For now, it has a lot to do with a shortage of materials that manufacturers need to make these things. When supply is low, prices climb for manufacturers, and consumers end up paying more for the end product.

The materials shortage has to do with several factors. The work-from-home economy placed unprecedented pressures on companies that both struggled to estimate demand and halted factory production for safety reasons. And as imports have picked up speed on the back of surging, unpredictable consumer behavior, US shipping ports have become unusually congested. February’s Texas Freeze compounded these problems, suspending the oil sector and the manufacturers who rely on it.

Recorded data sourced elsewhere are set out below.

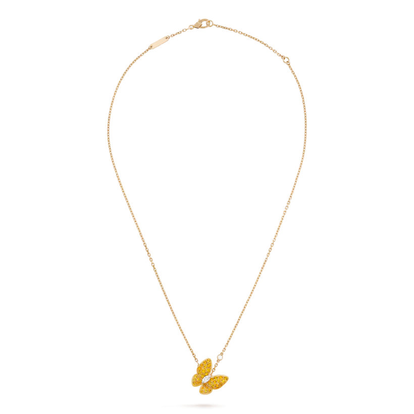 Підвіска Two Butterfly, золото 750 проби, інкрустована натуральними сапфірами круглої огранки загальною вагою 0,88 карата та діамантами огранки “маркіз” 0,2 карата. Довжина ланцюжка: 42 см.
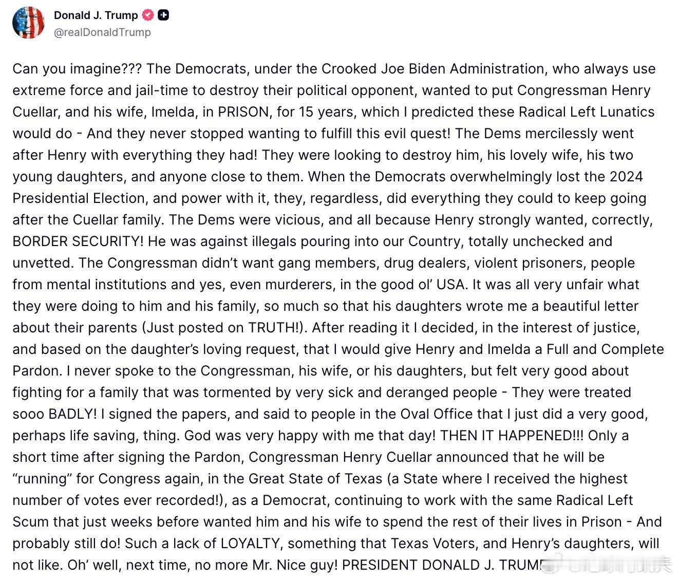 ‼️狗咬吕洞宾!特朗普发长发文痛斥自己曾施恩赦免的民主党人:“你们敢想象吗???在「骗子乔」政府领导下的民主党,一贯用极端武力和牢狱之灾来整死政治对手,他们竟然想把国会议员亨利·奎利亚尔和他妻子伊梅尔达关进监狱15年!——我早就预言过这些激进左翼疯子会干这种事,而且他们一直没死心,死死咬住这个邪恶目标不放!民主党人使尽浑身解数、毫不留情地追杀亨利,想毁掉他、他可爱的妻子、他两个年幼的女儿,以及他们身边所有人。2024大选民主党惨败、彻底失势之后,他们仍然不放过奎利亚尔一家,依旧凶狠恶毒——这一切就因为亨利坚决主张边境安全!他反对非法移民不受检查、不经审查地大规模涌入美国,反对帮派分子、毒贩、暴力重刑犯、精神病院病人,甚至杀人犯进入我们伟大的国家!他们对亨利和他家人做的事太不公平了,不公平到他的女儿们给我写了一封感人肺腑的信(我刚刚发在Truth Social上)。我读完那封信后,出于正义,也出于女儿们充满爱的请求,决定给亨利和伊梅尔达「完全彻底的赦免」。我从未和议员本人、他的妻子或女儿们通过话,但我觉得为一个被变态和病态之人折磨的家庭挺身而出,感觉非常好——他们被对待得太恶劣了!!!我签了赦免文件,在椭圆形办公室里对身边的人说:「我刚刚做了一件非常正确、也许还能救命的大好事,上帝那天一定为我感到高兴!」结果呢???赦免令签发没多久,亨利·奎利亚尔议员就宣布,他将再次以民主党身份在伟大的得克萨斯州(就是我创下史上最高得票纪录的那个州!)竞选国会议员,继续和几周前还想让他和他妻子下半辈子烂在监狱里的那帮激进左翼人渣共事——而且他们现在很可能还是这么想!如此缺乏忠诚!得州选民和亨利的女儿们绝不会喜欢这种做法。唉,好吧,下次再也不会做好人了!”热点现场海外编译精选海外新鲜事
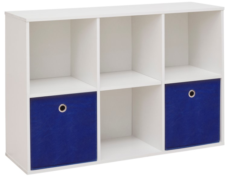 This 6 cube organizer is perfect for all of your storage needs. This cube comes with 2 fabric drawer baskets in a dark blue color that contrasts so well against the white finish. The baskets fold and are removable to give plenty of storage options. 6 cubes of storage that will help you organize any room.Read More
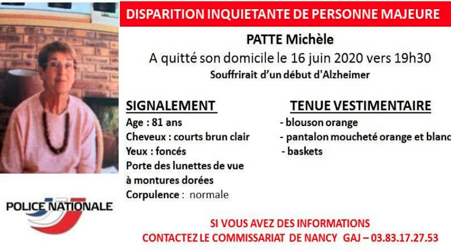 La police lance aujourd'hui un appel à disparition inquiétante de Michèle PATTE, âgée de 81 ans. Disparue hier aux alentours de 19h30, elle a été recherchée à proximité de son domicile et de ses lieux de promenades avec l'usage d'un drone des sapeurs-pompiers et de chiens spécialisés dans les recherches à personnes disparues. Cette dernière pourrait être atteinte "d'un début d'Alzheimer".

Tight capacity, low inventory, and a fiscal stimulus have created the “perfect storm” in freight transport markets, according to a recent UBS note by a team led by Thomas Wadewitz. Supply deliveries are at their highest level in 40-plus years, Jan Hatzius wrote in a Goldman Sachs note.

It’s a sign that both big-ticket and everyday items, from hot tubs and bikes to meat and cheese, are costing a whole lot more because of the unusual conditions created by reopening. (source)

It is true this article does not mention tools, but it also includes it, because tools are retail commodities. It does not matter if one is discussing drill bits or dirt bikes, because as long as it is a physical object that requires a manufacturing process, and especially if it is overseas manufactured (which most things are), it is going to be affected by supply chain interruptions.

There is still time, and as in all cases, the prices changes will not immediately start. It will b gradual, and most likley follow shipments. Thus items in one shipment will cost more than in future ones, and so forth.

It is truth that supply chain is a part of the problem. However, this is only half at best. The other half, and really the majority, is the debt. It is simple- too much debt in the system has made it that the value of the money itself has declined. I have argued this is going to happen because the US is not special, and it has happened many times before. Thus the more stimulus checks are cashed, the more spending happens, the worse the situation gets.

Eventually it will end, and prices will stabilize, but that will not happen for a while. Hold on, because the ride is about to get interesting.